╭──

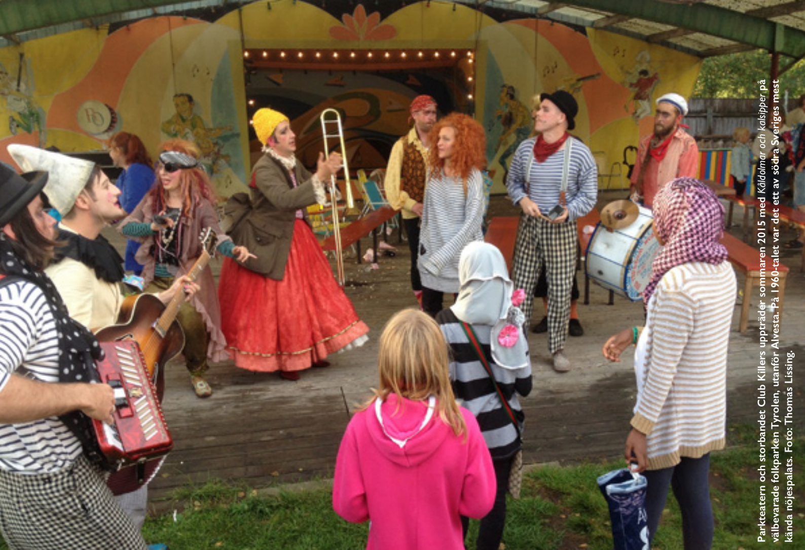
Parkteatern och storbandet Club Killers uppträder sommaren 2015 med Kåldalmar och kalsnipper på välbevarade folkparken Tyrolen, utanför Alvesta. På 1960-talet var det ett av södra Sveriges mest kända nöjespalats.
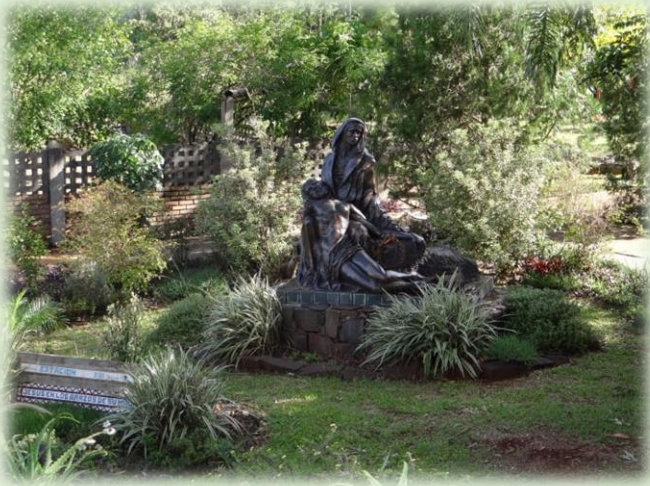
Jardín Botánico Yvirá Reta
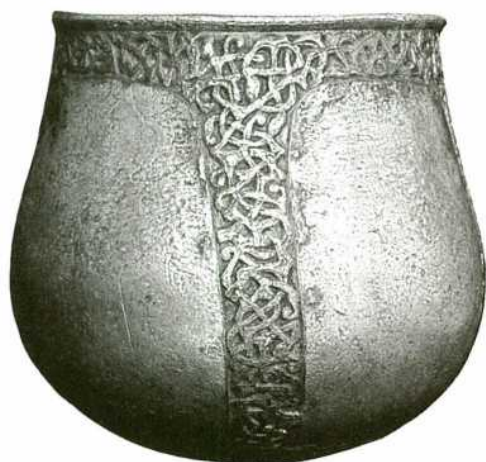
Abb. 1: Der Becher aus Pettstadt. – The chalice from Pettstadt.
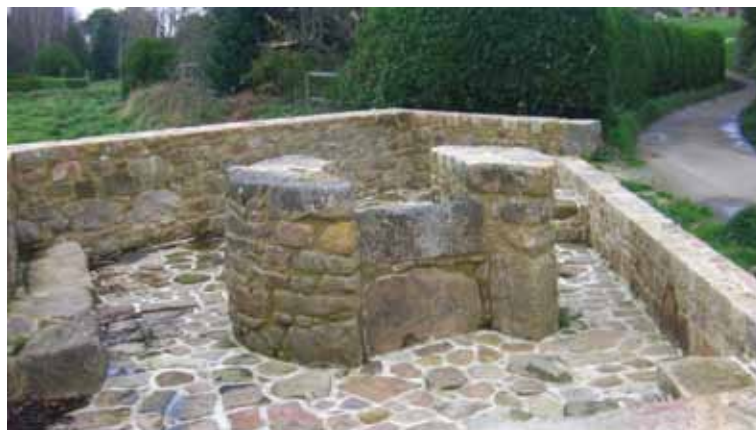
Puits du Gardeno.
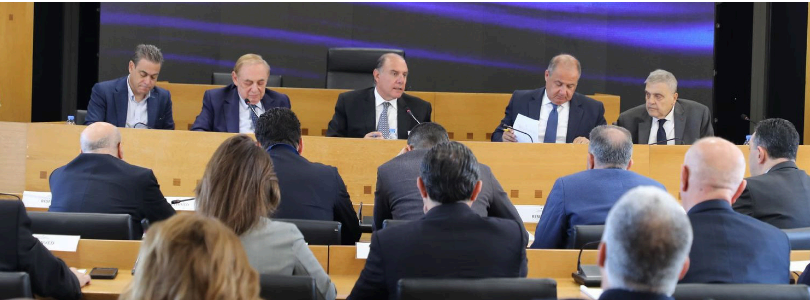
خلال اللقاء الحواري

أكد حاكم مصرف لبنان كريم سعيد إن الأزمة المالية/ المصرفية في لبنان هي، من الناحية التقنية، «أزمة نظامية» بكل ما للكلمة من معنى، وقد جرى توصيفها على هذا النحو من قبل العديد من الخبراء محلياً ودولياً، كما أمّرتّ بها مؤخراً صندوق النقد الدولي.
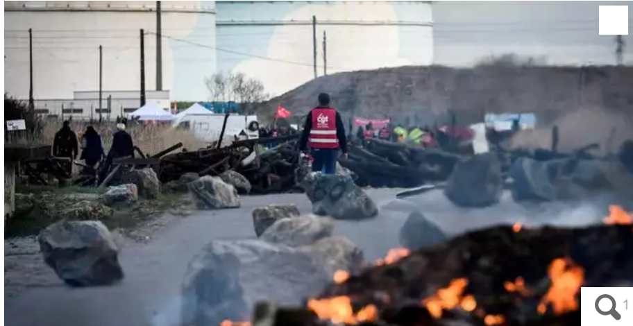
Un syndicaliste de la CGT se tient près de débris en feu et d'une barrière de fortune bloquant l'accès aux terminaux pétroliers de la raffinerie Total Energie à Donges, le 17 mars 2023.

La police est intervenue dans la nuit du lundi 20 au mardi 21 mars 2022 pour permettre le déchargement d'un bateau venu ravitailler le dépôt de carburant. Une source proche des grévistes a fait état « d'affrontements ».
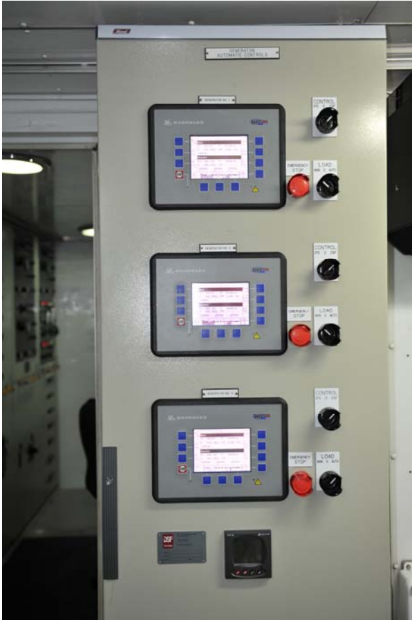
Exterior del cuadro de control del nuevo sistema de control
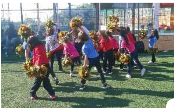
2-5. Στιγμιότυπα από την επίσκεψή μας στο βιωματικό πάρκο "Paradise", όπου τα παιδιά παρακολούθησαν το εκπαιδευτικό πρόγραμμα "Ολυμπισμός και Ολυμπιακά αθλήματα".
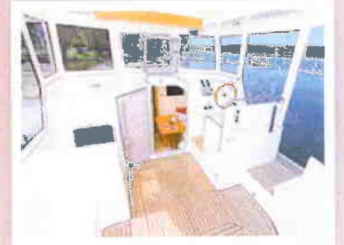
Überdachter, verschließbarer und beheizbarer Steuerstand
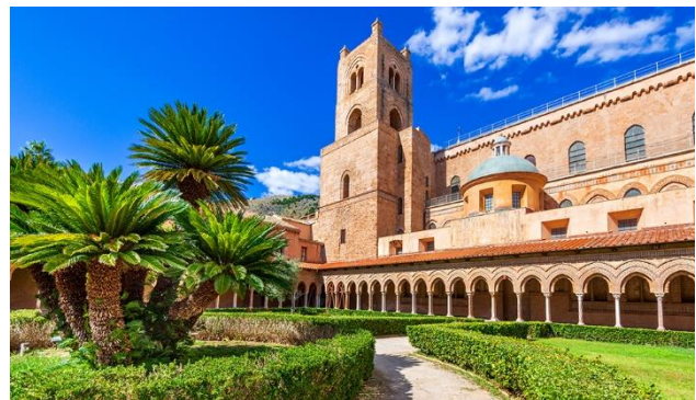
Kathedrale von Monreale
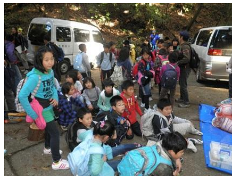
【12月16日 続々と児童が到着】
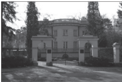
Fot. 1. Willa Pallas Athene w Konstancinie-Jeziornie

stanie technicznym 4 . Jedną grupą są budynki, które zostały wykupione przez prywatnych właścicieli i wyremontowane, gdyż dla niektórych osób posiadanie willi w Konstancinie to dowód bogactwa i symbol prestiżu. Przykładami takich obiektów mogą być: Willa Pallas Athene, Willa Kaprys czy Zagłobin. Willa Pallas Athene (fot. 1) znajdująca się przy ulicy Piasta powstała w 1906 r., zaś autorem projektu był Marian Lalewicz. Budynek jeszcze przed II wojną światową należał do kilku właścicieli. W latach 60. XX w. przeszedł remont, natomiast po 1979 r.
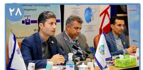
۲۸ اولین همایش بین المللی و دومین همایش ملی مدل سازی و فناوری های جدید در مدیریت آب در دانشگاه بیرجند برگزار می شود
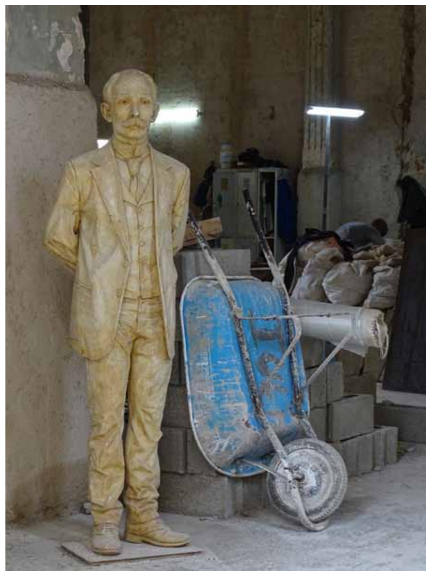
Statue af Jose Martí.

Indtil Østblokkens sammenbrud var der kun begrænsede underskud på den cubanske varehandel med udlandet, da kunne man altså godt brødføde befolkningen uden at importere
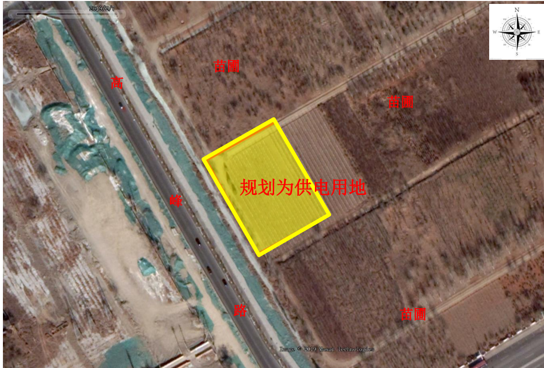
图 1.3-1 现状布局示意图（根据 2019 年 2 月 Google Earth 卫星影像图整理）
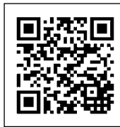
団体利用について

… スタッフがお出迎えますので、当館到着10分前に電話連絡をお願いいたします。☎0294-24-7731 ※天候などによるキャンセルの場合も、当日電話にてお願いします。
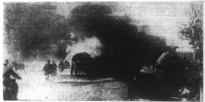
Les troupes du Reich ont anéanti une contre-attaque russe. Des chars d'assaut russes gisent en flammes le long des routes tandis que les troupes progressent.
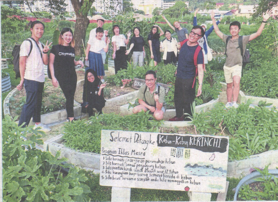
Kampung Kerinchi residents joined hands with other placemakers to create Kebun-Kebun Kerinchi in March, out of a strip of land along Sungai Klang, and positively transformed the landscape (right).
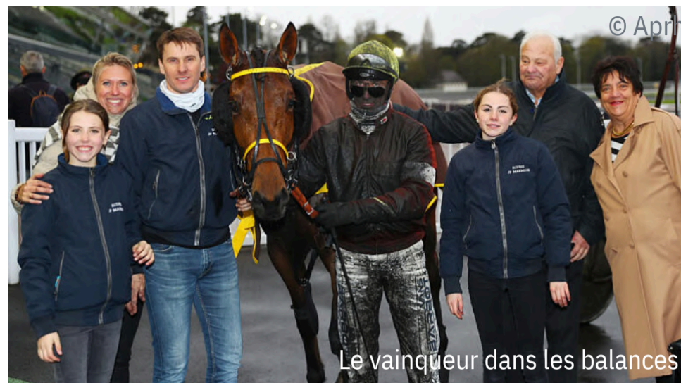
Le vainqueur dans les balances
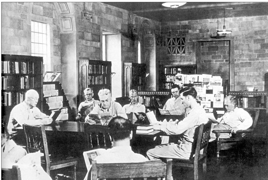
Scena di lettura nella biblioteca del penitenziario di Terre Haute (Stato dell'Indiana), in una fotografia degli anni Cinquanta

La cultura è ciò che consente effettivamente la riabilitazione sociale del detenuto, tanto da portare una Commissione d'inchiesta sulla situazione delle biblioteche carcerarie francesi a dichiarare che "noi non crediamo più al reinserimento
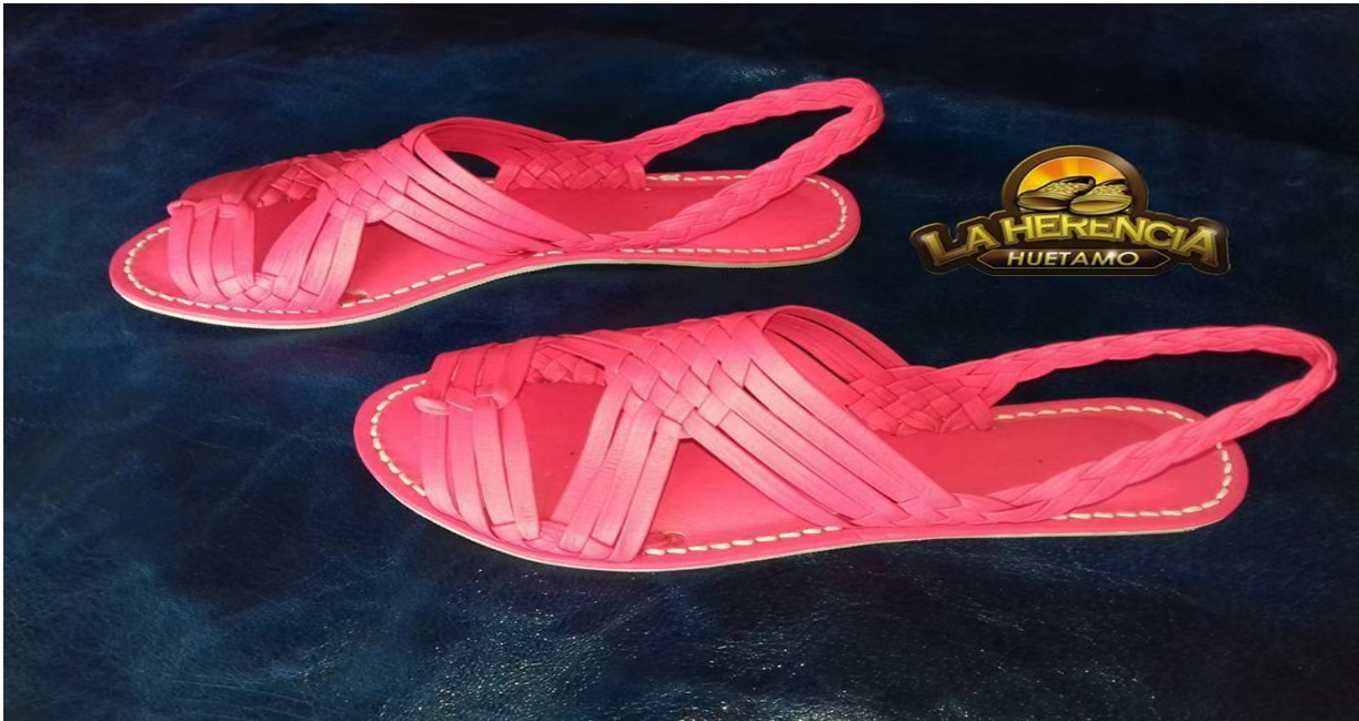
Figura 5. Presentación para la venta del huarache
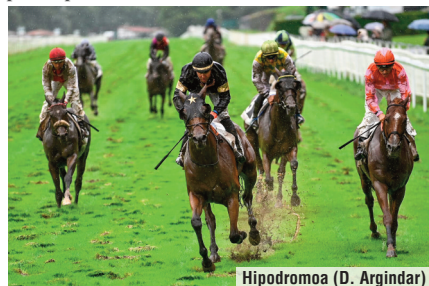
Hipodromoa (D. Argindar)

“Es un caballo con una edad, con el ya había ganado hace años en San Sebastián con pista pesada y de nuevo en este terreno ha confirmado, bien es verdad que ha costado mantenerlo concentrado y cerca de los punteros. He entrado en la recta con caballo, pero no tiene cambio de ritmo y ha costado mucho aguantar hasta el final. La pista está muy, muy pesada, y habría que intentar guardar las calles interiores para el Gran Premio de la próxima semana y me da mucha pena que algunos jockeys no entiendan que no hay que ir por dentro, que en esta pista tienen que galopar por fuera cuando está embarrada. Todavía tienen que aprender, poco a poco”.
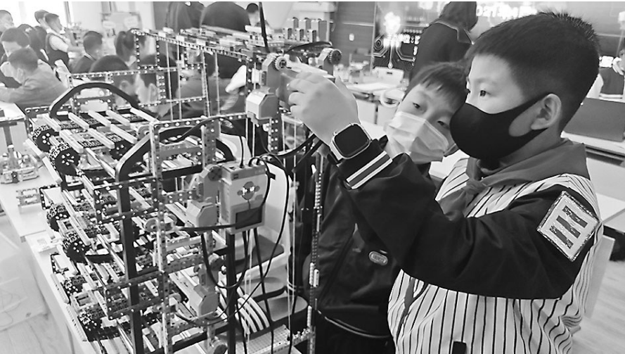
第十三届沈阳青少年机器人竞赛开始,孩子们带着自己心爱的作品参赛。

一旁的另一名选手接着说,他们利用每周日下午的时间,大概准备了两个月的时间,“老师只负责指导,机器人全是我们自己制作的,这款收割机最重要的一个部件
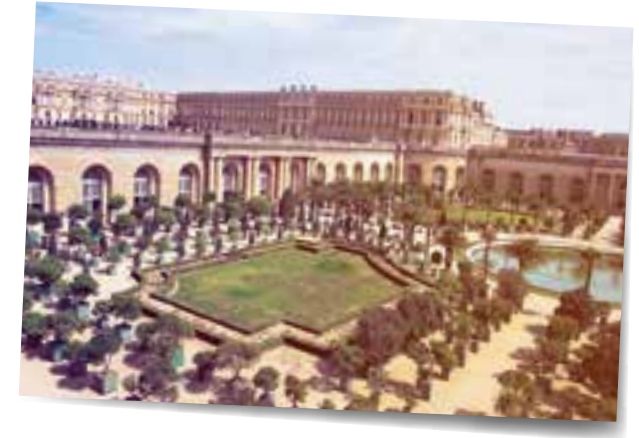
Die Orangerie von Versailles umfasst über 1200 Kübelpflanzen, darunter viele Zitruspflanzen.

mo, gedeihen sie seit Jahrhunderten. In Kalabrien finden sich große Bestände von Bergamotte-Bäumen, und etwas weiter nördlich wachsen die Etrog-Zitronen. In Spanien ist bereits die Region um Valencia ein bestens geeignetes Anbaugebiet insbesondere für Orangen.
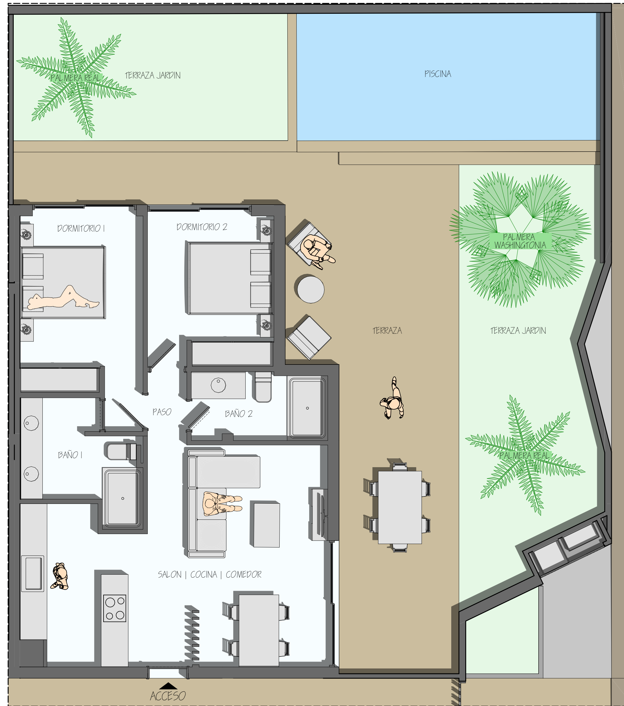
A. Corner Garden Residence
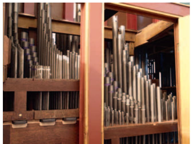
Het pijpwerk aan de C-zijde met rechts manuaal I, links manuaal II en vooraan het chromatische hoogste octaaf. Duidelijk zichtbaar zijn de pijpverlengingen.
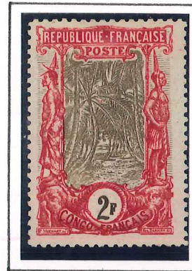
2F. carmin et brun
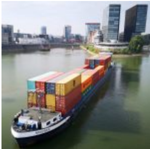
Ausfahrt aus dem Hafen
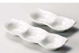
ミ151-259 白釉そら豆3品盛り皿 27.1×9.5×3.5cm (磁) JPN 1,280円
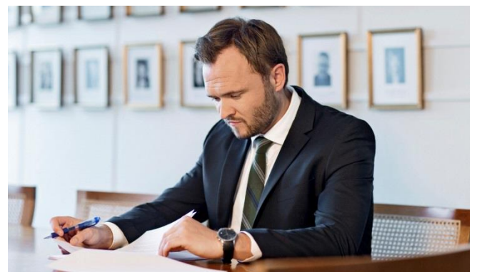
Dan Jørgensen Fødevareminister

Sammen skal vi gøre Danmark til Europas foretrukne destination for lyst- og fritidsfiskere.
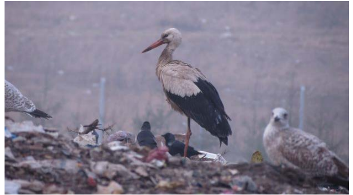
Gandras ieško maisto šavartyne.

Prie Klaipėdos esančiame savartyne per žiemą pasiliko trys gandrai ir sėkmingai atlaikė žiemos šalčius. Maisto susirasdavo šviežiai išverstose atliekose o nakvojo netoli esančiuose gandalizdžiuose. Kovo vidury jie jau išskrido į savo lizdus.

╰──

=== Task instructions ===
Pictures stay out. Repeat only the lines from the beginning of the data through the line that has "Exterior del cuadro".

=== Response ===
Parkteatern och storbandet Club Killers uppträder sommaren 2015 med Kåldalmar och kalsnipper på välbevarade folkparken Tyrolen, utanför Alvesta. På 1960-talet var det ett av södra Sveriges mest kända nöjespalats.
Jardín Botánico Yvirá Reta
Abb. 1: Der Becher aus Pettstadt. – The chalice from Pettstadt.
Puits du Gardeno.
خلال اللقاء الحواري

أكد حاكم مصرف لبنان كريم سعيد إن الأزمة المالية/ المصرفية في لبنان هي، من الناحية التقنية، «أزمة نظامية» بكل ما للكلمة من معنى، وقد جرى توصيفها على هذا النحو من قبل العديد من الخبراء محلياً ودولياً، كما أمّرتّ بها مؤخراً صندوق النقد الدولي.
Un syndicaliste de la CGT se tient près de débris en feu et d'une barrière de fortune bloquant l'accès aux terminaux pétroliers de la raffinerie Total Energie à Donges, le 17 mars 2023.

La police est intervenue dans la nuit du lundi 20 au mardi 21 mars 2022 pour permettre le déchargement d'un bateau venu ravitailler le dépôt de carburant. Une source proche des grévistes a fait état « d'affrontements ».
Exterior del cuadro de control del nuevo sistema de control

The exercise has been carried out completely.